- The Washington Times - Tuesday, April 17, 2007

With the return of Congress, passing the $120 billion defense emergency supplemental bill will be high on the agenda. President Bush has threatened to veto the bill if it sets deadlines for troop withdrawals and includes some $20 billion for non-defense domestic programs commonly called pork. Because Democrats have promised not to withhold funding from the troops, a compromise will be reached. But beware: This bill is only the tip of the defense-spending iceberg. That iceberg is the surrogate for a more bitter and destructive debate over what to do next in Iraq.

For fiscal 2008, which begins Oct. 1, the administration has requested approximately $650 billion for the Defense Department — $450 billion in the regular budget and nearly $200 billion for emergency supplemental spending for the wars in Iraq and Afghanistan. That means Congress will appropriate nearly three-quarters of a trillion dollars this year alone for defense.

If debate over the current $120 billion bill has been tough, what happens when Congress and the president tackle the remaining $650 billion later this year? The single largest metric in that battle royale will be the surge and its progress or failure in bringing security to Baghdad. Understandably, where one sits politically will dictate, unfortunately, where most stand on the surge irrespective of fact.
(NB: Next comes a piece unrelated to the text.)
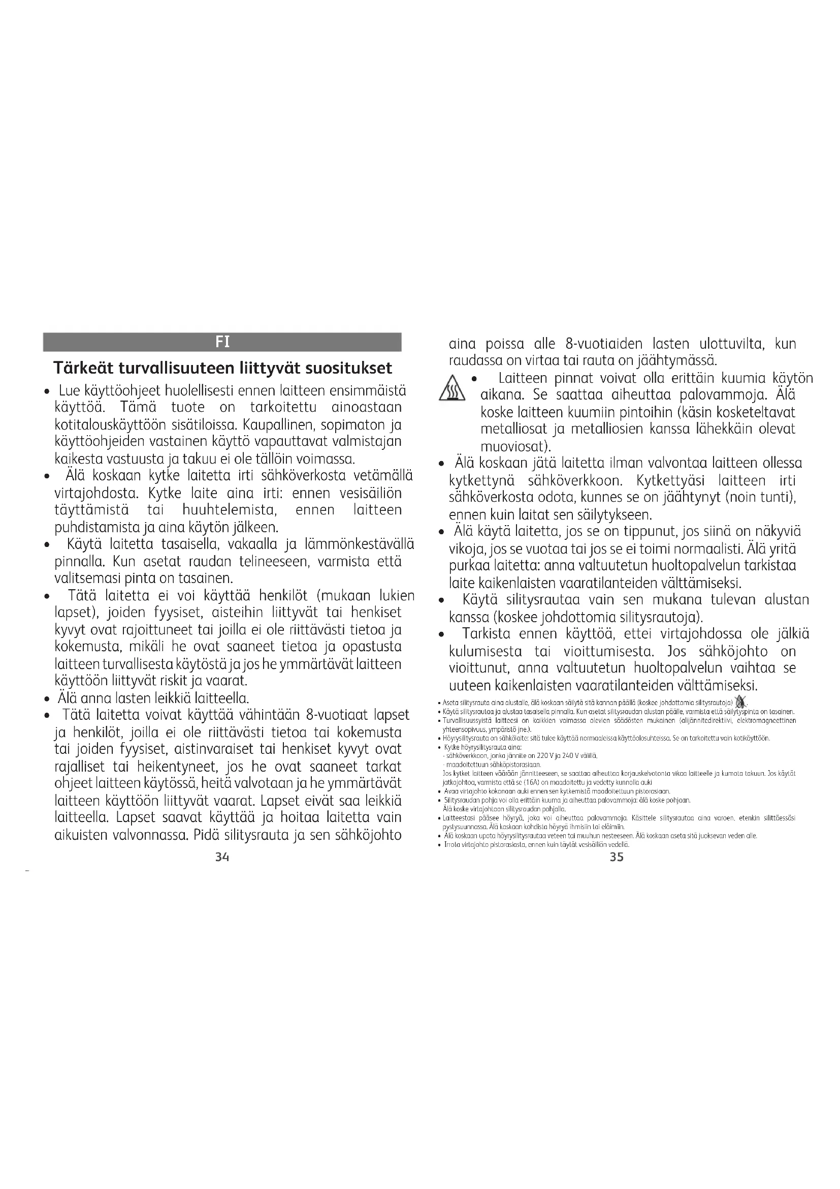- Tätä laitetta voivat käyttää vähintään 8-vuotiaat lapset ja henkilöt, joilla ei ole riittävästi tietoa tai kokemusta tai joiden fyysiset, aistinvaraiset tai henkiset kyvyt ovat rajalliset tai heikentyneet, jos he ovat saaneet tarkat ohjeet laitteen käytössä, heitä valvotaan ja he ymmärtävät laitteen käyttöön liittyvät vaarat. Lapset eivät saa leikkiä laitteella. Lapset saavat käyttää ja hoitaa laitetta vain aikuisten valvonnassa. Pidä silitysrauta ja sen sähköjohto

Republican supporters of the president cite cautious optimism and insist that the surge be given sufficient time to take hold. Democrats argue the surge merely thrusts Americans between insurgents, killing more U.S. soldiers while failing to produce political reconciliation among Iraqis or apportioning petroleum resources fairly among Sunnis, Shi’ites and Kurds. Experts know that evaluating the effects of the surge will take considerable time, time that neither the government in Washington or Baghdad has.

There is other bad news. Last week, four retired four-star generals reportedly declined an administration offer to take on the role of czar for Afghanistan and Iraq with obvious political implications. More stunning was the Pentagon’s announcement that tours of duty for Army units in Iraq were being extended from 12 to 15 months. That extension is the clearest expression of how overstretched the Army is and a precursor of what could become the unraveling of the all-volunteer force, beginning with a precipitous decline in morale and support for the war by soldiers in the field because of that tour increase.

In the type of insurgent operations being conducted in Iraq, based on psychological considerations, the Marine Corps concluded that six or seven months is about the maximum length an individual can reasonably take. It planned accordingly. How 15-month tours will affect soldiers is yet to be determined. However, based on Vietnam experiences, an involuntary three-month extension of the one-year tour would have proven disastrous with most of the troops, admittedly a non-volunteer force. A sad prediction is that by next Christmas, the extension could produce a marked decline in Army morale and spirit.

As the fight over defense spending and Iraq continues and ultimately becomes entangled with the huge $650 billion pending defense package, the partisan divide over Iraq will have widened, while public support for the war most likely will continue downward. What this means is that the nation could be facing political gridlock over the defense budget with no sound way of producing an acceptable Iraqi strategy.

Here is one solution with little chance of working but is instructive nonetheless. Last week, Sen. John Kerry and former House Speaker Newt Gingrich faced off over global climate change in the Russell Senate Office Building. Instead of descending into the usual partisan name-calling and attack politics, the debate became a conversation between two very intelligent, highly experienced politicians in the best sense of the word, conducted with great civility, dignity and mutual respect — qualities absolutely missing in Washington politics today. Perhaps strikingly, Messrs. Kerry and Gingrich had far more points of agreement than not.

Both saw climate change as a crucial issue requiring immediate action. The major difference was on solutions. Mr. Kerry argued for government-imposed caps and regulations to force change. Mr. Gingrich argued that tax and other private-sector incentives were best to alter market behavior. Mr. Kerry concluded by predicting that if he and Newt had a week, he was certain they could agree on policies to address the challenge of global climate change.

So why not task Messrs. Kerry and Gingrich to take the lead on these most critical issues including Iraq, free of partisan vindictiveness, in which ideology, not ideas, and sound bites, not facts, drive what passes for debate? Clearly, this will not work. But understanding why a civil and informed debate could lead to solutions might be a first step in trying to make a broken government whole again.